CRN looks at 10 of the biggest tech company layoffs that made their mark in 2024.


Tech Layoffs: Adjusting To Changing Times

The U.S. unemployment rate has been fairly steady in the last year, and currently dances around a mere 4.2 percent, down from 4.3 percent just a few months ago, according to the latest data from the U.S. Bureau of Labor and Statistics.

The low overall unemployment rate that characterized 2024 was also reflected in the tech industry where, as of September 2024, the unemployment rate is 2.5 percent, according to CompTIA, citing BLS data.

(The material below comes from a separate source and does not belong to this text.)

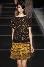 Yamamoto showed a fine collection of navy, black and ivory pieces. He designed lots of sober asymmetrical coats and pinafore dresses. Pleated and netting fabrics were used a lot.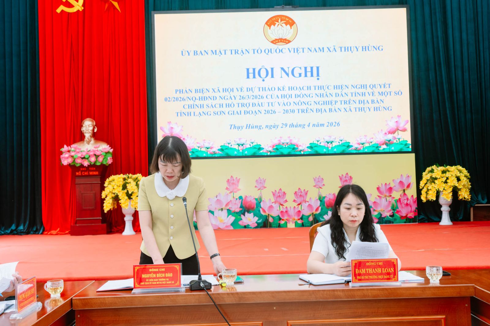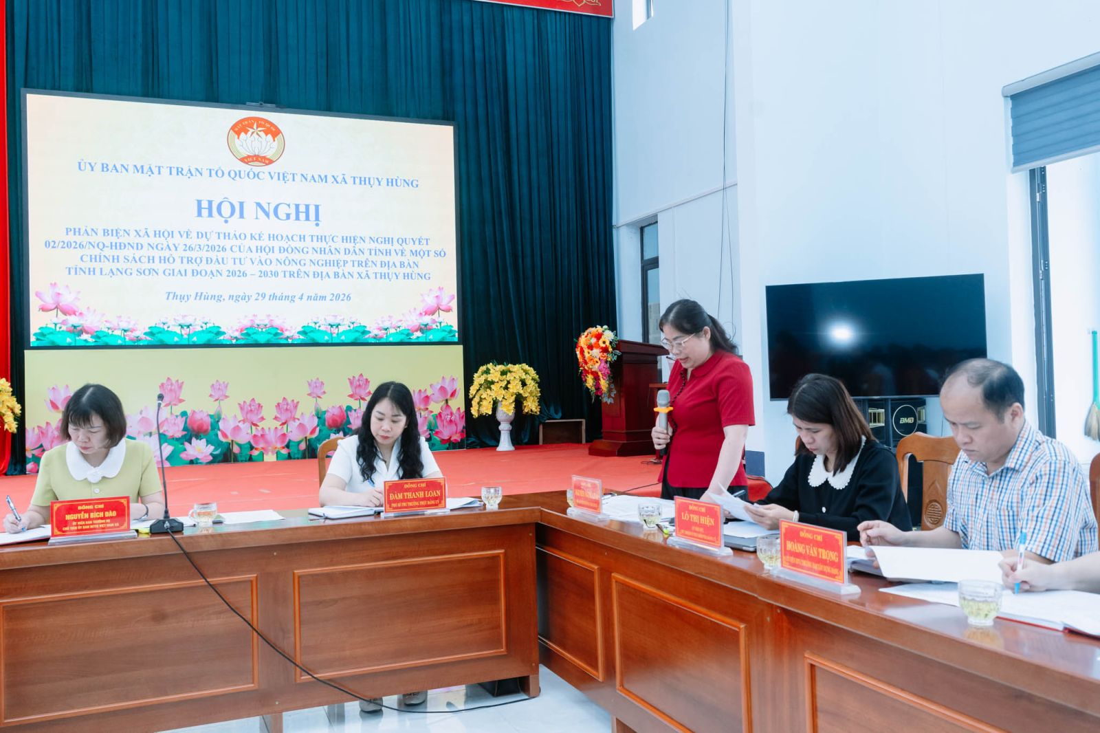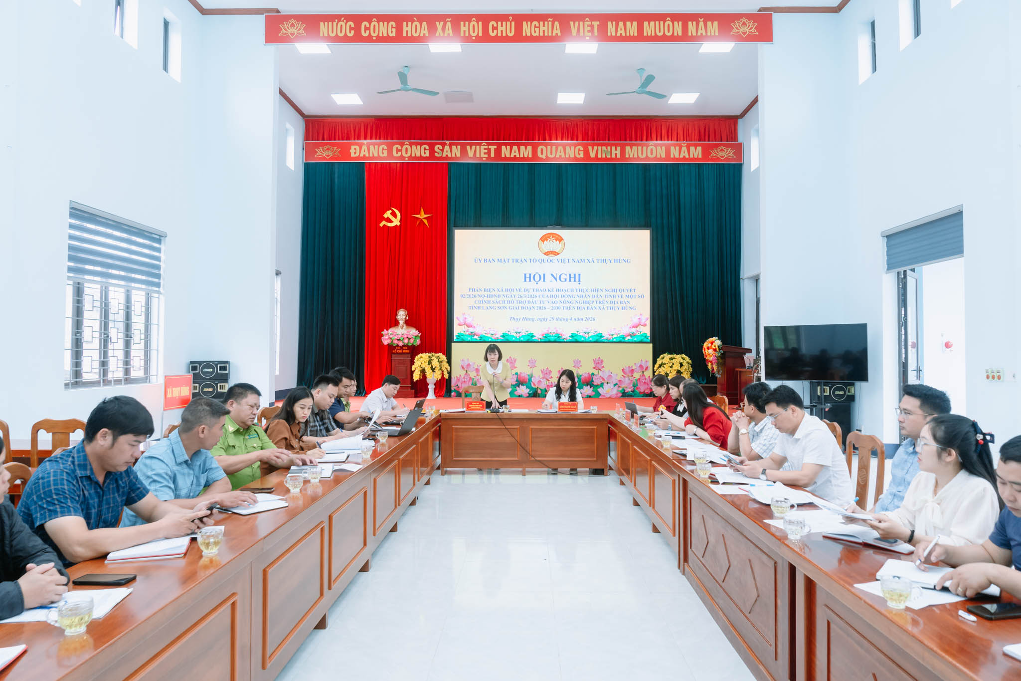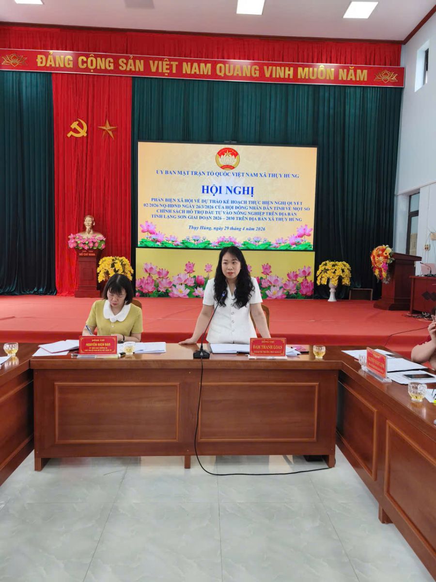 Sáng ngày 29 tháng 4, Ủy ban Mặt trận Tổ quốc Việt Nam xã Thụy Hùng đã tổ chức Hội nghị phản biện xã hội đối với dự thảo kế hoạch thực hiện Nghị quyết số 02 của Hội đồng nhân dân tỉnh về một số chính sách hỗ trợ đầu tư nông nghiệp trên địa bàn tỉnh Lạng Sơn, giai đoạn 2026–2030. Dự hội nghị có đồng chí Đàm Thanh Loan – Phó Bí thư Thường trực Đảng ủy xã, cùng các đồng chí nguyên lãnh đạo xã, đại diện các ban, ngành, đoàn thể và các thành phần tham gia góp ý.

This is down from the previous month’s unemployment rate of 3.4 percent, thanks to an increase in employment by 8,583 positions.

Tech companies lay off employees for any of several reasons, including optimizing their operations, responding to changing market conditions, readjusting their priorities, or, in the worst-case scenario, closing the entire business or certain parts of it.

[Related: The 10 Biggest Tech Company Layoffs Of 2023 (So Far)]

CRN looks at 10 of the most important tech layoffs of 2024, with a focus on layoffs in companies whose businesses impact indirect channels. Therefore, while a large layoff may happen at a video streaming company’s or hotel’s internal IT team, it is not listed here.

The list is based on the actual number of layoffs where available, and on announced layouts where the actual number is not available. However, the final number of employees laid off is subject to change, either as cuts go farther than expected or as businesses add new employees.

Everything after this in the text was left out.